Blog from March, 2015

TP01 processing

Vpile.off appears to go slightly negative at ehs during the day.  Somehow, the mote code converts this to 65505 uV, which NIDAS .xml then clips to a nan value.  Thus, all the TP01 values (and Gsoil which is derived from it) become nan during the day.  We need to fix this signed/unsigned value error (but the data are fine).

 

Files for Feb 18 to March 9 have been copied to the HPSS, using the htar command.

 

[maclean@barolo ~]$ hsi ls -l /EOL/2015/cabl/surface/isfs/raw_data
Username: maclean UID: 2423 Acct: 46350000(P46350000) Copies: 1 Firewall: off [hsi.4.0.1.2p3 Thu Mar 28 14:37:05 MDT 2013]
/EOL/2015/cabl/surface/isfs/raw_data:
-r--r--r-- 1 maclean eoldmg 13441634304 Mar 11 17:39 20150218-20150309.tar
-r--r--r-- 1 maclean eoldmg 263456 Mar 11 17:39 20150218-20150309.tar.idx

 

On the /scr/isfs/projects/CABL/raw_data disks on flux and EOL servers, those files have been moved to an "archived" subdirectory.

 
ehs down Mar 11 am

The ehs flux station is down. The battery has not been charging since just  after installation.
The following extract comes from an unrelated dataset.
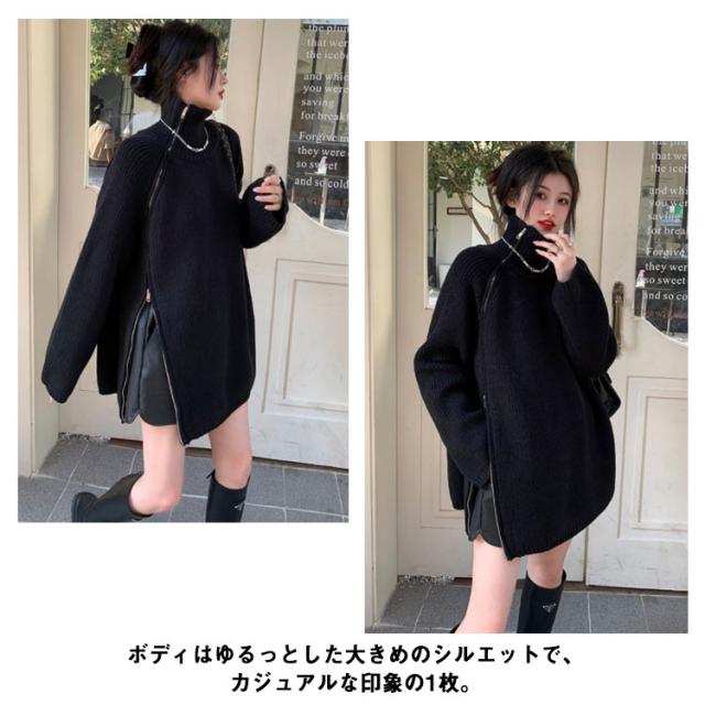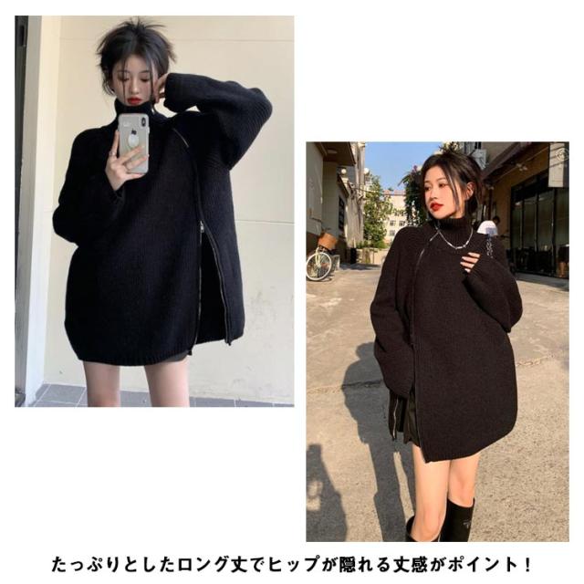 | サイドダブルジップ付きのトレンド性のあるニットセーターです。 たっぷりとしたロング丈でヒップが隠れる丈感がポイント! ボディはゆるっとした大きめのシルエットで、カジュアルな印象の1枚。 首元までしっかりとあたためてくれるタートルネックニットは、寒い季節に重宝まちがいなしのアイテムです! 身体をやさしく包み込む、ふわふわ軽い着心地が魅力です☆ | |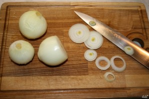 Лук пачысціце і нарэжце кальцамі.

On Mar 11 10:00 MDT the battery voltage reached 11.5 V and the station died, probably because the charge controller shut off the load.

Mote sensor IDs

Below is an e-mail from Gordon, run on bao.  I'll append a run on ehs soon...


Periodically the sensors report their serial numbers, which statsproc logs.

ssh flux
cd /var/log/isfs
fgrep SN= isfs.log-20150220
Here's what the log shows for bao today (after removing log message date/time).
At a quick glance they don't seem to correspond you what you noted in the logbook. Seems the EEPROM serial number and the label may disagree...
mote=17, sensorType=0x3b SN=4, typeName=1 field of Int16, often Wetness 
mote=17, sensorType=0x3b SN=4, typeName=1 field of Int16, often Wetness 
mote=17, sensorType=0x56 SN=8, typeName=Uplooking Pyranometer (Rsw.in)
mote=17, sensorType=0x5b SN=2, typeName=Downlooking Pyranometer (Rsw.out)
mote=17, sensorType=0x67 SN=7, typeName=Uplooking K&Z Pyrgeometer (Rlw.in)
mote=17, sensorType=0x6a SN=6, typeName=Downlooking K&Z Pyrgeometer (Rlw.out)
mote=17, sensorType=0x56 SN=8, typeName=Uplooking Pyranometer (Rsw.in)
mote=17, sensorType=0x5b SN=2, typeName=Downlooking Pyranometer (Rsw.out)
mote=17, sensorType=0x67 SN=7, typeName=Uplooking K&Z Pyrgeometer (Rlw.in)
mote=17, sensorType=0x6a SN=6, typeName=Downlooking K&Z Pyrgeometer (Rlw.out)
mote=2, sensorType=0x22 SN=1, typeName=Tsoil
mote=2, sensorType=0x22 SN=1, typeName=Tsoil
mote=2, sensorType=0x23 SN=2, typeName=Tsoil
mote=2, sensorType=0x28 SN=1, typeName=Qsoil
mote=2, sensorType=0x29 SN=6, typeName=Qsoil
mote=2, sensorType=0x23 SN=2, typeName=Tsoil
mote=2, sensorType=0x28 SN=1, typeName=Qsoil
mote=2, sensorType=0x29 SN=6, typeName=Qsoil
mote=1, sensorType=0x20 SN=15, typeName=Tsoil
mote=1, sensorType=0x20 SN=15, typeName=Tsoil
mote=1, sensorType=0x23 SN=18, typeName=Tsoil
mote=1, sensorType=0x26 SN=7, typeName=Gsoil
mote=1, sensorType=0x28 SN=9, typeName=Qsoil
mote=1, sensorType=0x2f SN=8, typeName=TP01
mote=1, sensorType=0x23 SN=18, typeName=Tsoil
mote=1, sensorType=0x26 SN=7, typeName=Gsoil
mote=1, sensorType=0x28 SN=9, typeName=Qsoil
mote=1, sensorType=0x2f SN=8, typeName=TP01
...and run on ehs....

mote=10, sensorType=0x20 SN=4, typeName=Tsoil

mote=10, sensorType=0x21 SN=3, typeName=Tsoil

mote=10, sensorType=0x2a SN=5, typeName=Qsoil

mote=10, sensorType=0x2b SN=4, typeName=Qsoil

mote=8, sensorType=0x39 SN=10, typeName=1 field of Int16, often Wetness

mote=8, sensorType=0x57 SN=4, typeName=Uplooking Pyranometer (Rsw.in)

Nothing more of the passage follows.